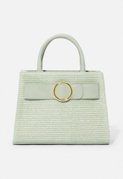 Material: Straw/Faux Leather Size: 13”L x 10”H x 7”D Hardware color: Gold Handle drop measurement : 5" Removable Adjustable Shoulder Strap Pockets: 1 interior pocket, 1 interior zip Closure: Magnetic snap
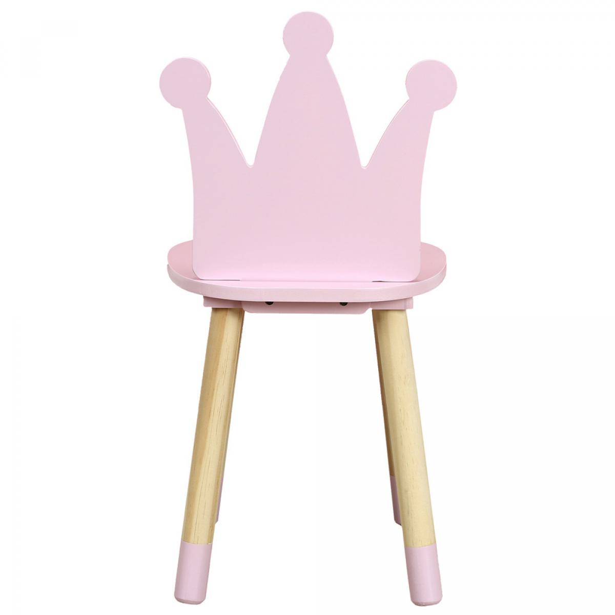 SILLA INFANTIL CORONA ROSA Esta silla con respaldo de corona llenará de encanto las habitaciones de los niños. Medidas: 28x27 cm; h.54 cm
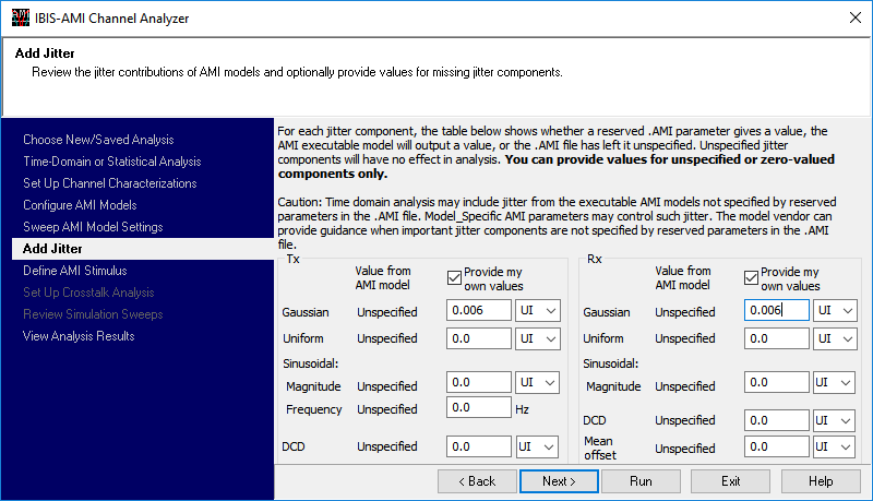 10.在添加抖动部分,将 Gaussian 设置为 IBIS-AMI 用户指南指定的值。点击下一步
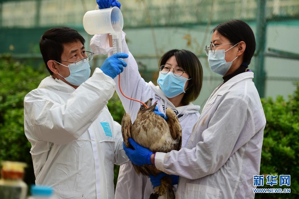 4月1日,沧州市野生动物救护中心工作人员对一只患病的大鵟进行药物治疗。
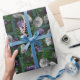 Este papel de embrulho tem um padrão floral elegante de rosas em rosas brancos e roxos numa relíquia de jardim sobre fundo preto. Você pode fazer o padrão nesse papel de embalagem maior ou menor, se quiser. Um adorável e elegante padrão de rosas florais que é excelente para plástico-presente para alguém que ama rosas ou flores.
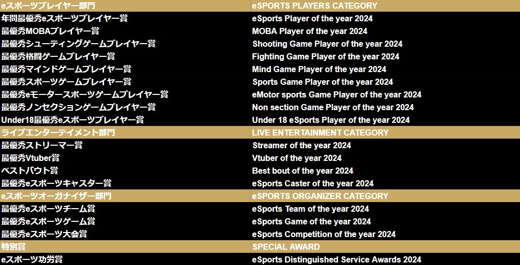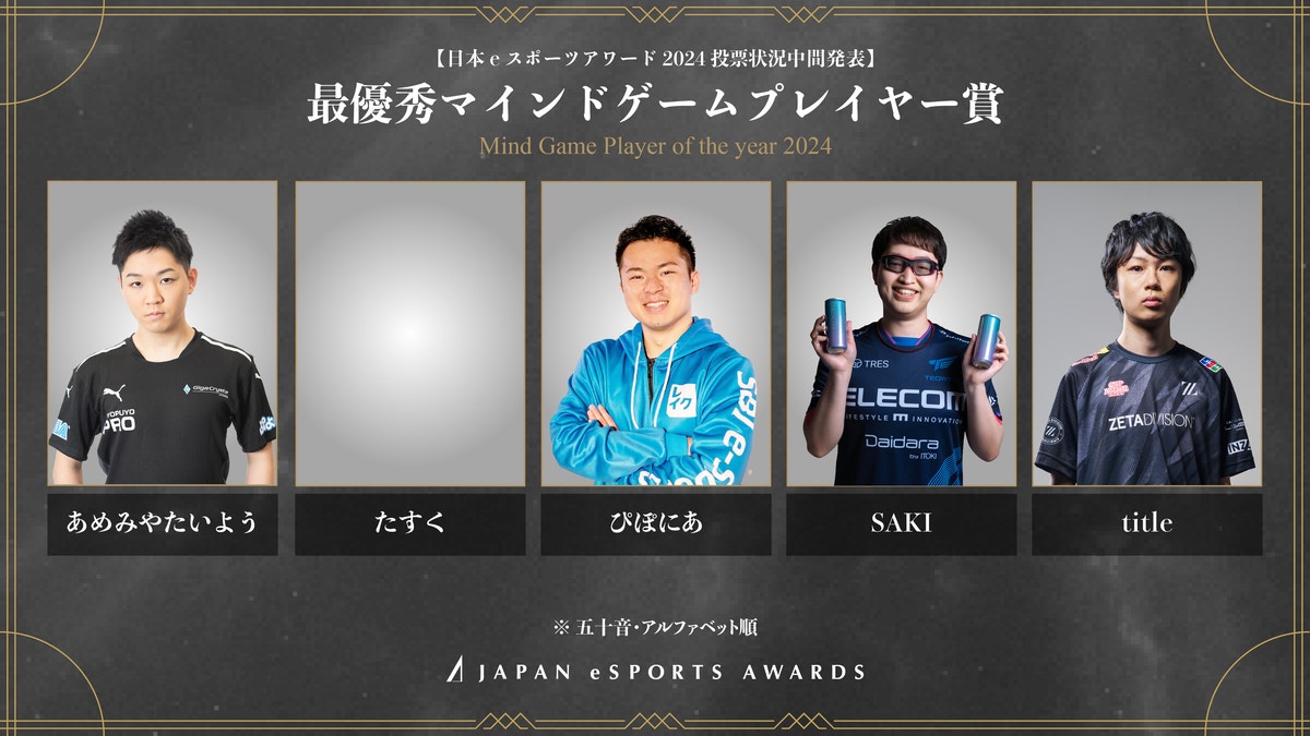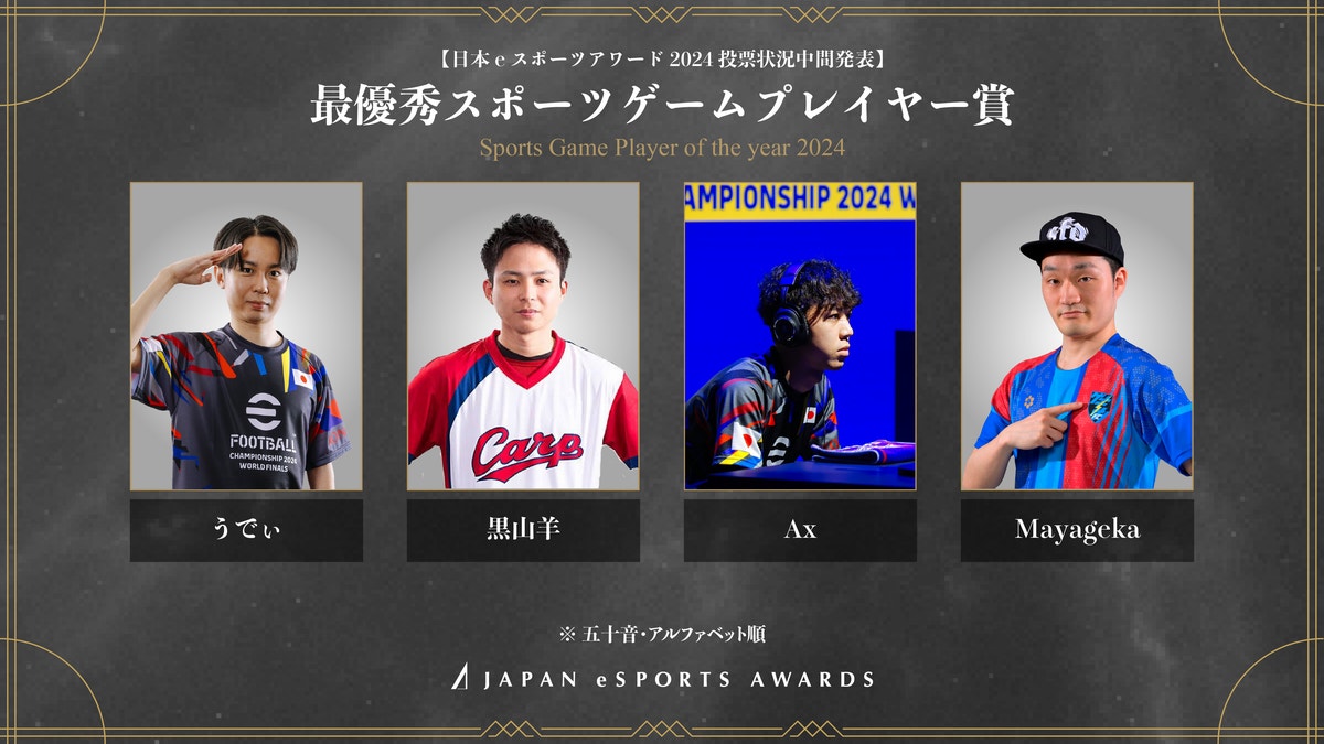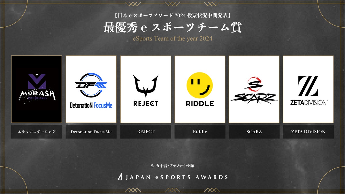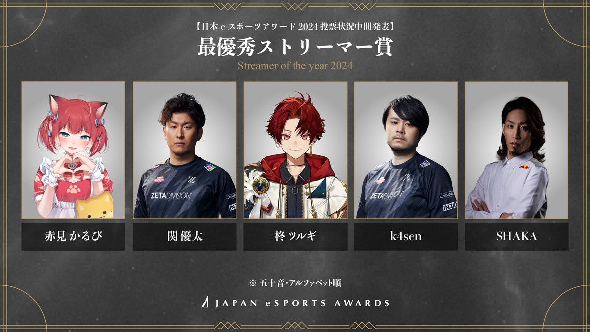 2025年1月15日(水)に開催される年に一度の祭典「日本eスポーツアワード2024」に先駆け、ファン投票が2024年9月1日(日)より受付中。中間発表が公開された。

○ ○ ○ ○ ○

### EXERCISE
Please set down only the lines from the one containing "SILLA INFANTIL CORONA" through the end of the entries, exactly as they stand, both ends included and with no pictures.

### EXERCISE OUTPUT
 SILLA INFANTIL CORONA ROSA Esta silla con respaldo de corona llenará de encanto las habitaciones de los niños. Medidas: 28x27 cm; h.54 cm
 10.在添加抖动部分,将 Gaussian 设置为 IBIS-AMI 用户指南指定的值。点击下一步
 4月1日,沧州市野生动物救护中心工作人员对一只患病的大鵟进行药物治疗。
 Este papel de embrulho tem um padrão floral elegante de rosas em rosas brancos e roxos numa relíquia de jardim sobre fundo preto. Você pode fazer o padrão nesse papel de embalagem maior ou menor, se quiser. Um adorável e elegante padrão de rosas florais que é excelente para plástico-presente para alguém que ama rosas ou flores.
 2025年1月15日(水)に開催される年に一度の祭典「日本eスポーツアワード2024」に先駆け、ファン投票が2024年9月1日(日)より受付中。中間発表が公開された。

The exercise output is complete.